# EXERCISE GOAL:
Restate the whole listing below word for word and keep the images out.

# PROVIDED MATERIAL:
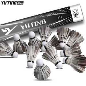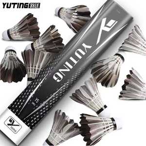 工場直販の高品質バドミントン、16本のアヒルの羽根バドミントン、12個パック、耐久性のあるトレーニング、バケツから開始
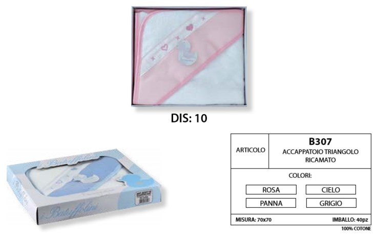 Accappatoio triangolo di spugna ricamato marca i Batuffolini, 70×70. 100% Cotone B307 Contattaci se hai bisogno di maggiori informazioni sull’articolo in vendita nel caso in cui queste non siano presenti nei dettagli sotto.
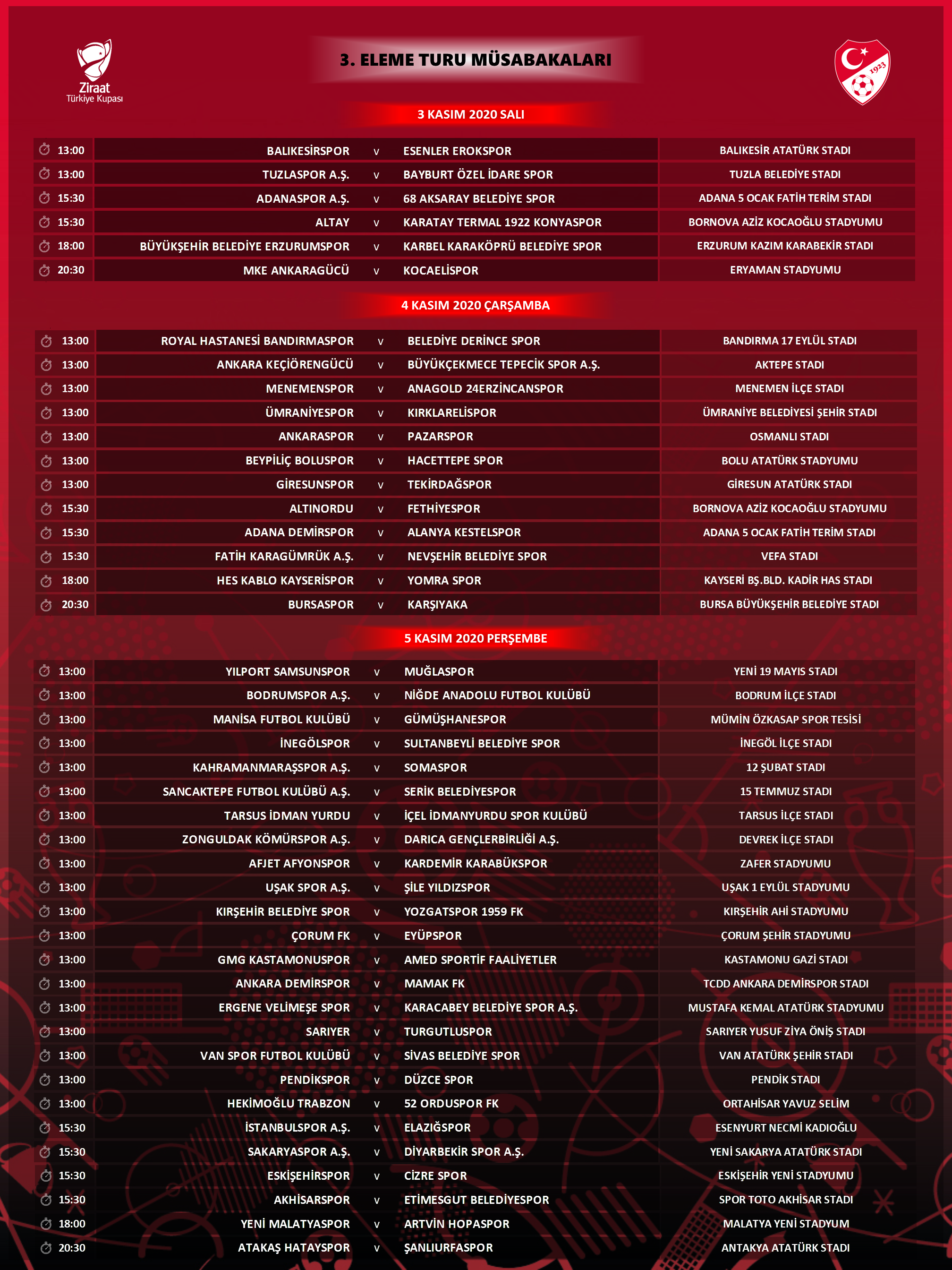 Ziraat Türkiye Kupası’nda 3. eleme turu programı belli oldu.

# FINISHED EXERCISE:
 工場直販の高品質バドミントン、16本のアヒルの羽根バドミントン、12個パック、耐久性のあるトレーニング、バケツから開始
 Accappatoio triangolo di spugna ricamato marca i Batuffolini, 70×70. 100% Cotone B307 Contattaci se hai bisogno di maggiori informazioni sull’articolo in vendita nel caso in cui queste non siano presenti nei dettagli sotto.
 Ziraat Türkiye Kupası’nda 3. eleme turu programı belli oldu.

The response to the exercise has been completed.